Aim of the exercise
The records beneath should be printed exactly, and the pictures are to be left out.
---+---
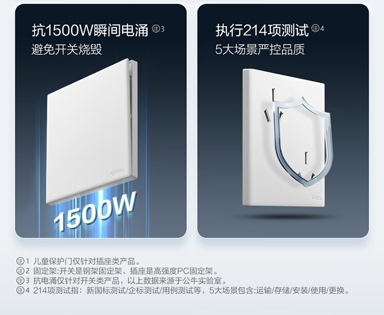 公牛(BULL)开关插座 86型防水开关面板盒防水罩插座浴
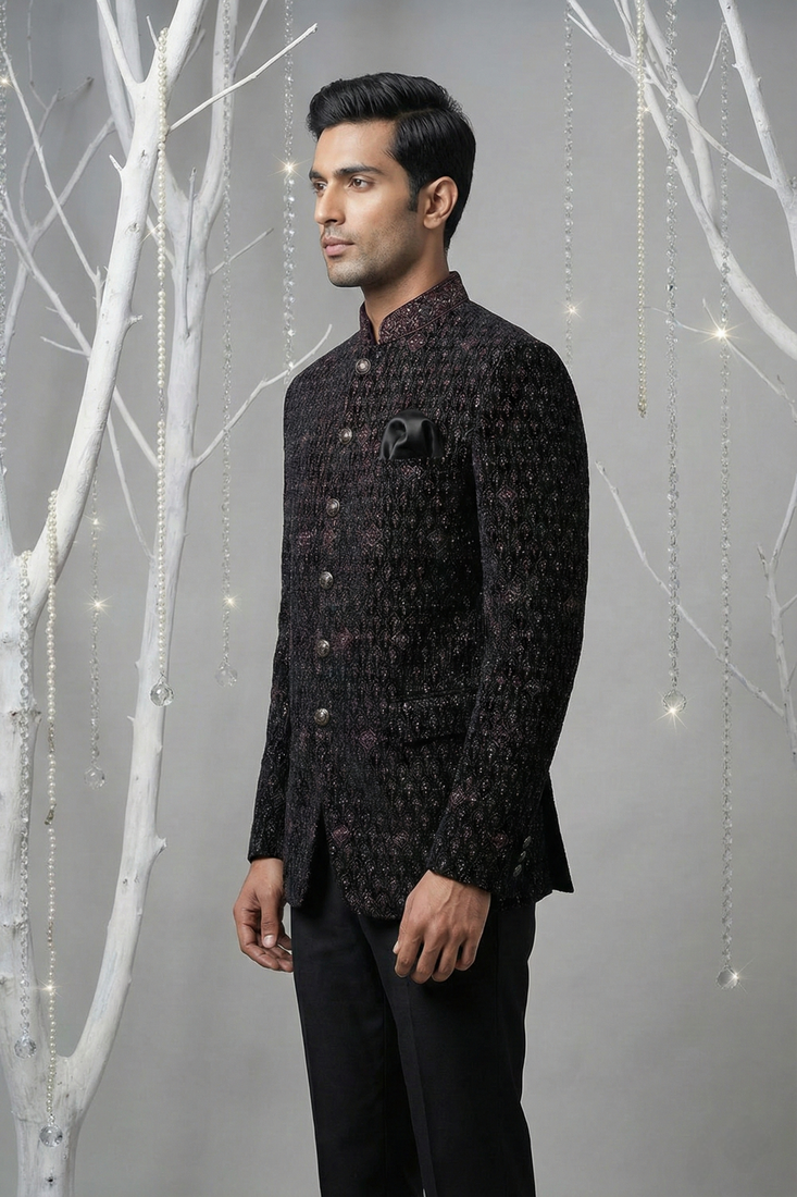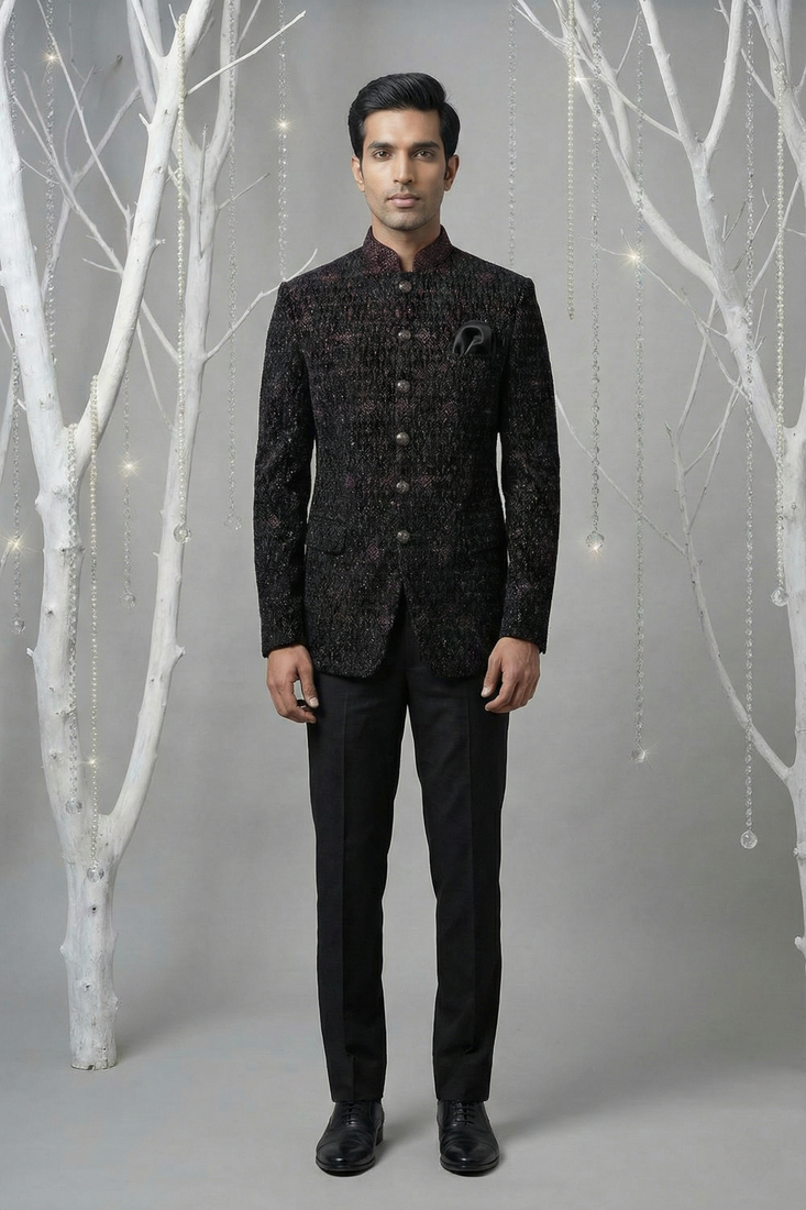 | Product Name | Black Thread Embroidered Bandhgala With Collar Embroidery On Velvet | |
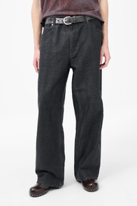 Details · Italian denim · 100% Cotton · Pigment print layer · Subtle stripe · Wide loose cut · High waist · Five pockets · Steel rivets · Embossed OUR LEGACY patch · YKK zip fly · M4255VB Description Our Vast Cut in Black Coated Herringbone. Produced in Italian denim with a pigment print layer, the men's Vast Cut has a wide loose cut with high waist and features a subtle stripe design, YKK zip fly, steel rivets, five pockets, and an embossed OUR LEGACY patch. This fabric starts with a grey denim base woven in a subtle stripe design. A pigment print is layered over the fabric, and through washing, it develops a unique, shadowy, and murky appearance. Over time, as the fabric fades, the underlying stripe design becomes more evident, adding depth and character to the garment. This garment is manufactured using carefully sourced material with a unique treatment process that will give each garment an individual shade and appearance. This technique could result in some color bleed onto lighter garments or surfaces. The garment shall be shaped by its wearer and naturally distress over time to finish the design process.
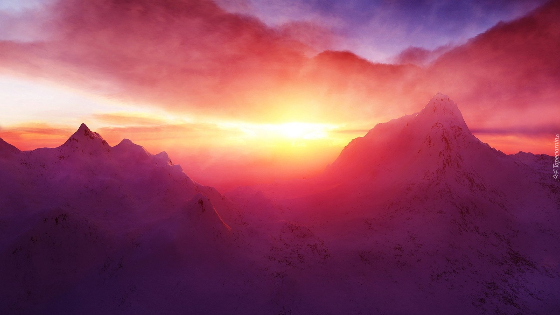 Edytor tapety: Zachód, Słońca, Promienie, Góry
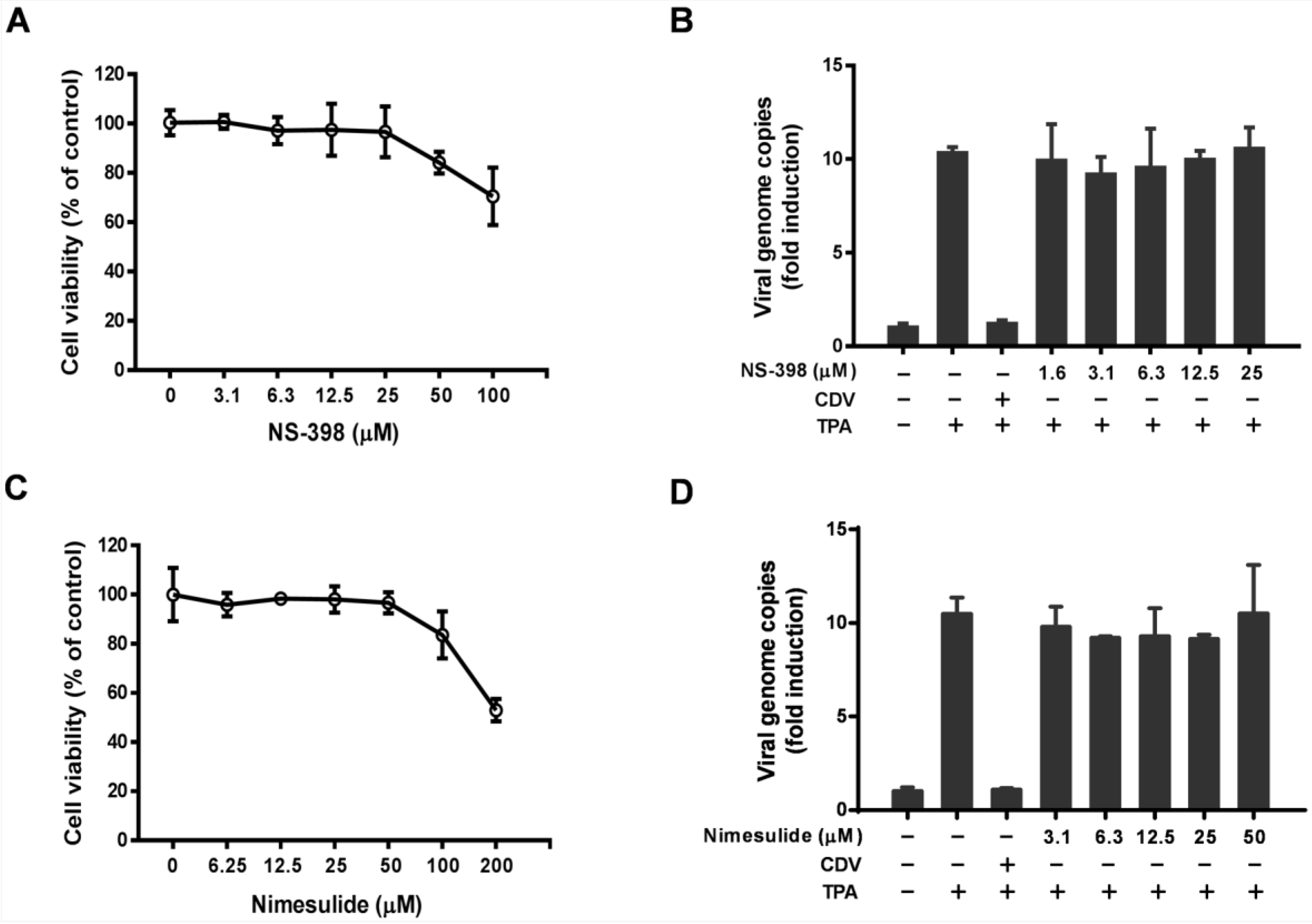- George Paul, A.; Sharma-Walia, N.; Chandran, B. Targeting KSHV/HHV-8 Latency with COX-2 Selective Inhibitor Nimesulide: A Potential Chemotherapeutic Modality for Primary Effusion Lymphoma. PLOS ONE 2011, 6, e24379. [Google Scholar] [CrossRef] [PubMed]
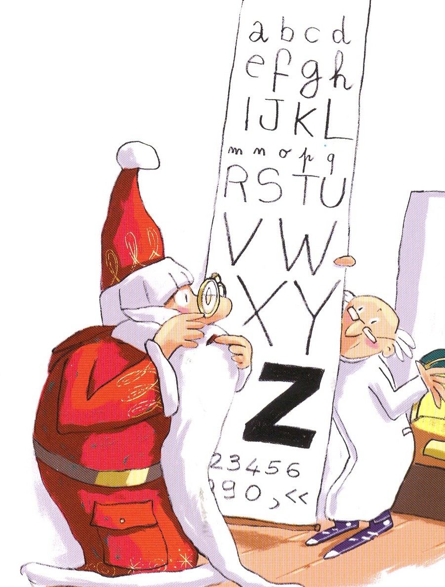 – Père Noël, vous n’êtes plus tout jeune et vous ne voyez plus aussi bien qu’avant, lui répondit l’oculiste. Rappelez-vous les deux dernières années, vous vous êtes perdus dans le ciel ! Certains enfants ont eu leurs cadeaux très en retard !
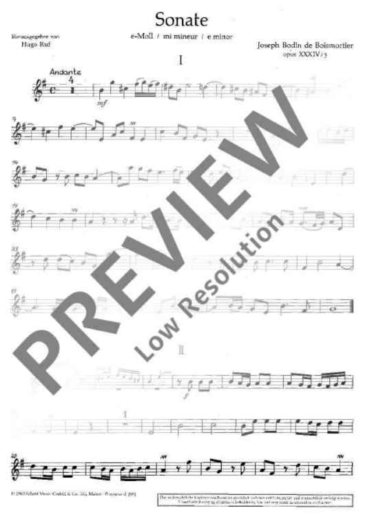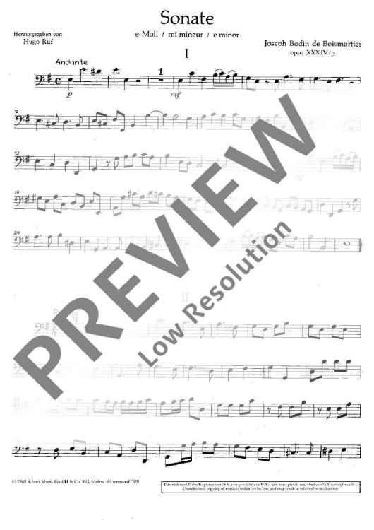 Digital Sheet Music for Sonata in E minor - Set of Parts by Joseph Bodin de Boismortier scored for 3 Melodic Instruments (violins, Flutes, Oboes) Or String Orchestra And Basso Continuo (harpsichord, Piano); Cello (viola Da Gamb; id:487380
---+---
Finished task
 公牛(BULL)开关插座 86型防水开关面板盒防水罩插座浴
 | Product Name | Black Thread Embroidered Bandhgala With Collar Embroidery On Velvet | |
 Details · Italian denim · 100% Cotton · Pigment print layer · Subtle stripe · Wide loose cut · High waist · Five pockets · Steel rivets · Embossed OUR LEGACY patch · YKK zip fly · M4255VB Description Our Vast Cut in Black Coated Herringbone. Produced in Italian denim with a pigment print layer, the men's Vast Cut has a wide loose cut with high waist and features a subtle stripe design, YKK zip fly, steel rivets, five pockets, and an embossed OUR LEGACY patch. This fabric starts with a grey denim base woven in a subtle stripe design. A pigment print is layered over the fabric, and through washing, it develops a unique, shadowy, and murky appearance. Over time, as the fabric fades, the underlying stripe design becomes more evident, adding depth and character to the garment. This garment is manufactured using carefully sourced material with a unique treatment process that will give each garment an individual shade and appearance. This technique could result in some color bleed onto lighter garments or surfaces. The garment shall be shaped by its wearer and naturally distress over time to finish the design process.
 Edytor tapety: Zachód, Słońca, Promienie, Góry
- George Paul, A.; Sharma-Walia, N.; Chandran, B. Targeting KSHV/HHV-8 Latency with COX-2 Selective Inhibitor Nimesulide: A Potential Chemotherapeutic Modality for Primary Effusion Lymphoma. PLOS ONE 2011, 6, e24379. [Google Scholar] [CrossRef] [PubMed]
 – Père Noël, vous n’êtes plus tout jeune et vous ne voyez plus aussi bien qu’avant, lui répondit l’oculiste. Rappelez-vous les deux dernières années, vous vous êtes perdus dans le ciel ! Certains enfants ont eu leurs cadeaux très en retard !
 Digital Sheet Music for Sonata in E minor - Set of Parts by Joseph Bodin de Boismortier scored for 3 Melodic Instruments (violins, Flutes, Oboes) Or String Orchestra And Basso Continuo (harpsichord, Piano); Cello (viola Da Gamb; id:487380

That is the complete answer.